Hertmans' viel übersetzter Roman „Krieg und Terpentin" oszilliert zwischen der Welt seines malenden Großvaters, der die Schrecken an der belgischen Front im Ersten Weltkrieg erlitt, und der Welt des 1951 geborenen Enkels. Dass dieser bisher längste und blutigste Stellungskrieg der Geschichte in Belgien wie in Frankreich bis heute der Große Krieg heißt, verweist auf das langandauernde Trauma, von dem der Enkel mit durch Dokumente entflammter Fantasie erzählt. Dabei schlüpft er bei Kriegspassagen zuweilen sogar in die Ich-Form. Ähnlich verfährt Hertmans in seinem zeitlich wie räumlich weit ausgreifenden Roman „Die Fremde", in dem er Geschichten eines mittelalterlichen Flüchtlingsliebespaares erzählt. Das packt er aber nicht in die Form eines Historienromans, vielmehr begegnet der Erzähler in der Tradition des von ihm bewunderten W. G. Sebald bei seiner Recherche heutigen Schutzsuchenden. Es ist eine tausend Jahre alte und zugleich verstörend aktuelle Geschichte über Vertreibung und Flucht.

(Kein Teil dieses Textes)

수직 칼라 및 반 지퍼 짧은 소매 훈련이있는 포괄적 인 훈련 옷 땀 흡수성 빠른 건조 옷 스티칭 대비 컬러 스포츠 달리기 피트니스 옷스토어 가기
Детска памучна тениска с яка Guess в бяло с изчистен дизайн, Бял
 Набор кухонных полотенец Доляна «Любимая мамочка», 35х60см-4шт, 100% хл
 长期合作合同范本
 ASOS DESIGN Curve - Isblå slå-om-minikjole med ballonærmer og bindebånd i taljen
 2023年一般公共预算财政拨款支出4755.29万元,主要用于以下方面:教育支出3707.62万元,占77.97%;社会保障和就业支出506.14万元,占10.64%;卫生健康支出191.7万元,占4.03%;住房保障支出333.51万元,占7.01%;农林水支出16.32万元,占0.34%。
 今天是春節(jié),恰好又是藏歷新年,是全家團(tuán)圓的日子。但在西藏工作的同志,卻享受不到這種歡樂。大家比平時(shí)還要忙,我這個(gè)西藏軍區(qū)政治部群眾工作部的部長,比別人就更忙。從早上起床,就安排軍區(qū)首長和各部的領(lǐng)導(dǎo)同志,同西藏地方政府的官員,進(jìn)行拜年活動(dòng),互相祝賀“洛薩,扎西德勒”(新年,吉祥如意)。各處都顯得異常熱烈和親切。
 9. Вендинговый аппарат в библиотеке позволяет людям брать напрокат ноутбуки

Bezeichnenderweise vermischen sich auch in Hertmans prägnantem Roman „Der Aufgang", der die Geschichte des flämischen Kollaborateurs und SS-Manns Willem Verhulst (1898-1975) erzählt, Dokumentarisches und Autobiographisches. Die Gespenster der Geschichte hausen in Hertmans' Wohnhaus, in dem einst Verhulst lebte. Wie auch Sebald montiert Hertmans dabei Fotos spannungs- und assoziationsreich zusammen. Allerdings kann der flämische Autor, der auch Theaterstücke verfasst, anders als sein deutscher Kollege meisterhaft Dialoge schreiben. Und das Motto seines Romans „Die Fremde" könnte vor jedem seiner vier auf Deutsch lieferbaren Bücher stehen: Es stammt aus Thomas Manns „Joseph und seine Brüder": „... aber die Form der Zeitlosigkeit ist das Jetzt und Hier". Wenn große Literatur nach Hertmans in der Spannung zwischen dem offiziellen Gedenken und dem, woran wir uns persönlich erinnern, entsteht, dann ist dieser Erzähler und Lyriker, Essayist und Dramatiker auf dem Weg zum Klassiker. Er zeigt planetarische Konflikte in ihren regionalen Auswirkungen.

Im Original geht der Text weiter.